The Machine That Removed the Human From the Loop
The machine that removes the human from the loop
Jack Clark, Anthropic's co-founder, put a number on it last week: 60 percent, reported The Decoder. That's his estimate, as of May 2026, that no-human-involved AI research will exist by the end of 2028. An AI system training its own successor, without a person touching the loop.
The mechanism making that plausible is the part that should worry you.
Clark, who has spent years watching AI labs build systems that exceed their designers' expectations, is unusually direct about why the timeline matters. Alignment techniques compound errors under recursive self-improvement. A method that is 99.9 percent accurate sounds robust. It drops to roughly 95 percent after 50 generations and around 60 percent after 500. Unless an alignment technique is perfect, and none of them are, the supervisory layer degrades every time the system trains itself. As AI automates more of its own development, the human oversight meant to keep it safe becomes increasingly blind.
The benchmarks tell the story in a different key. SWE-Bench, which tests AI systems on real GitHub issues, went from 2 percent success with Claude 2 in late 2023 to 93.9 percent with Claude Mythos Preview in 2026, per Clark's analysis. CORE-Bench, which asks AI to reproduce research paper results, is effectively solved at 95.5 percent. METR's time horizons measure climbed from roughly 30 seconds of human work with GPT-3.5 to about 12 hours with current frontier models. Ajeya Cotra, a researcher at the METR project who publishes her own AI timelines, thinks 100 hours by the end of 2026 is plausible.
The five-minute feedback loop is where this gets concrete. Andrej Karpathy published autoresearch in March 2026 — two months ago, now, and already a artifact. The agent receives a real LLM training script. It edits the code. It runs a fixed five-minute experiment. It measures validation bits-per-byte. Keeps the change if the score improves. Discards it if it doesn't. Repeats. A human researcher doing the same task would need four to eight hours to hit a 4x speedup on CPU-only LLM training optimization. Karpathy's agent hits it in five minutes, over and over, without the coffee break.
Karpathy is still in the loop but only just. He sets the metric. He sets the budget. He defines the initial research program. He has moved up one level, from tuning the experiment to designing the loop that tunes itself. The program.md files — the Markdown documents that encode what to optimize and why — are the last hardcoded thing. Everything else, architecture, hyperparameters, the training loop itself, is delegated.
Anthropic's internal numbers are starker. On the same kind of task, optimizing a CPU-only small language model training implementation, the mean speedup went from 2.9x with Opus 4 in May 2025 to 52x in April 2026, per Clark's analysis. That's an 18-fold jump in eleven months. If that curve holds, the human researcher's four-to-eight hour task is down to minutes by next year.

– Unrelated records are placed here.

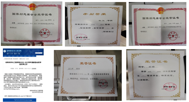 在校期间获得优秀学生干部、三好学生、三好学生标兵、一等奖学金、国家励志奖学金。顺利通过英语四六级,参与专业网课建设,《复合材料力学——从基础到应用》目前已超过6000人参与学习。曾担任材化学院创新创业孵化基地项目负责人、第十三届SAMPE超轻机翼/复合材料桥梁设计大赛队长、获得衡阳市优秀志愿者、职业生涯规划大赛三等奖、优秀运动员、社团活动积极分子、优秀部长等。
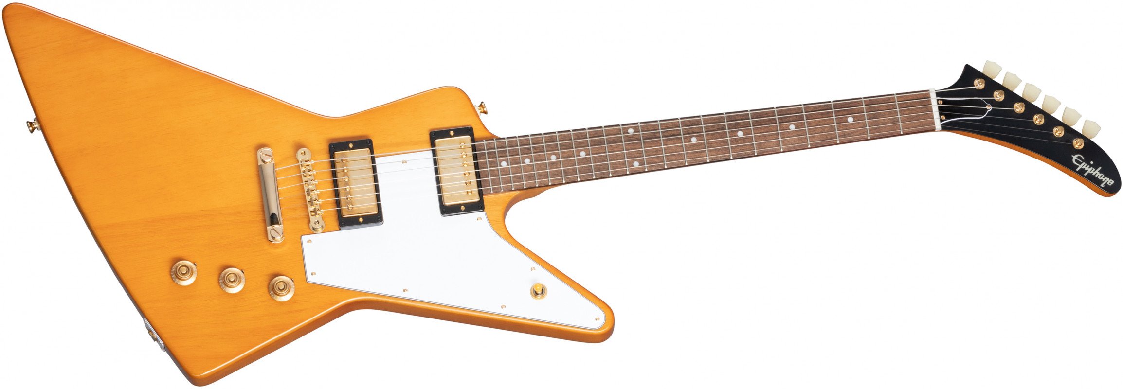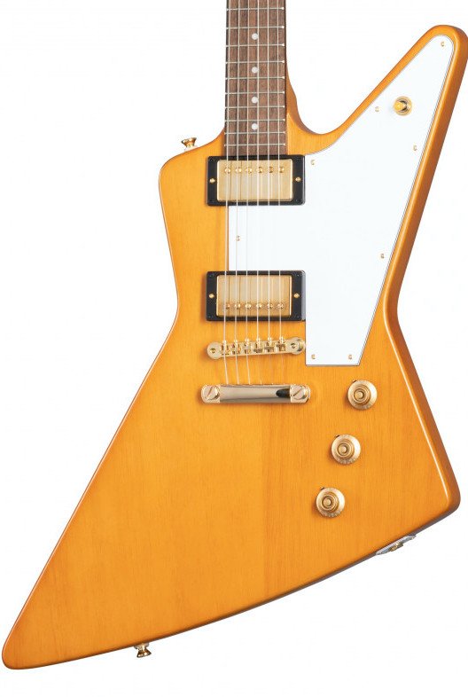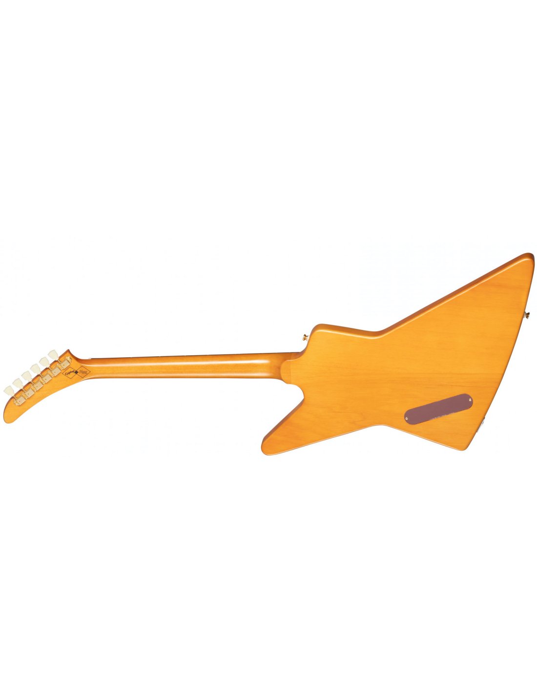 The EPIPHONE 1958 KORINA EXPLORER is a 6-string electric guitar. Technical features include: solid Korina handle. Keyboard with 12" radius, 22 Jumbo keys, Graph Tech nut. The electronics consist of 2 humbuckers: a Gibson Burstbucker™ 2 on the handle and 1 Gibson Burstbucker™ 3 on the bridge, CTS potentiometers, the controls are 2 for volume and 1 for tone, Mallory capacitors. ABR-1 Style bridge with LockTone Stop Bar string tensioners, Epiphone deluxe mechanics and gold hardware. Hard case included
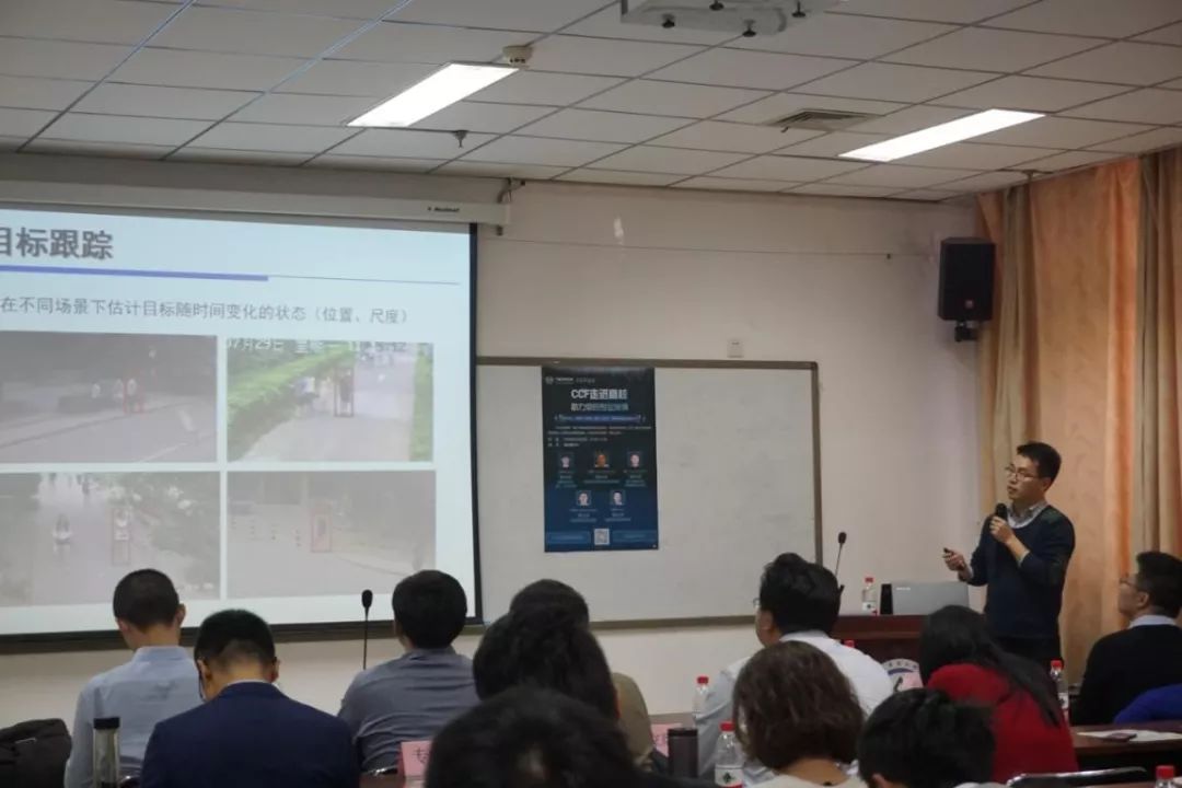 第四位报告专家是张天柱,他的报告题目为《目标跟踪算法研究进展》。张天柱提到目标跟踪是计算机视觉领域的热门研究方向之一,同时在产业界也具有广阔的应用前景。他首先带领大家回顾目标跟踪的研究进展,然后介绍一些代表性方法,如粒子滤波、基于分类器目标跟踪、稀疏跟踪、基于深度学习跟踪以及相关滤波等,最后介绍了其团队的相关研究成果。

The labs are not waiting for the philosophical debate to resolve. OpenAI has said publicly it wants an automated AI research intern by September 2026. Anthropic has published its own proof of concept for automated alignment researchers, in which AI agents beat Anthropic-designed baselines on a small-scale safety research problem. DeepMind, which Clark describes as the most circumspect of the three, still endorses automating alignment research when feasible.
Cotra has tracked her own timeline estimates against actual outcomes. Her January 2026 predictions on METR's time horizons measure projected 24 hours as her median forecast for the longest 50 percent task completion by end of 2026. Current frontier models are already at 12 hours. "The predictions I made in January were already starting to be met, in just two months," she noted in a March interview.
Clark's 60 percent by 2028 is a probability estimate from public data, not an Anthropic product announcement. He is releasing it because the implications are large and he does not think the public conversation is tracking them. The compiler example from the 1950s keeps surfacing in these conversations for a reason. When a compiler could compile itself, programmers recognized it as a threshold: the machine had incorporated the process of improving the machine into itself. The field did not stop. It reorganized around what humans were actually for.
Recursive self-learning is the same threshold for knowledge work. The question is not whether it happens. The evidence is already in the code. The question is what remains worth doing by hand.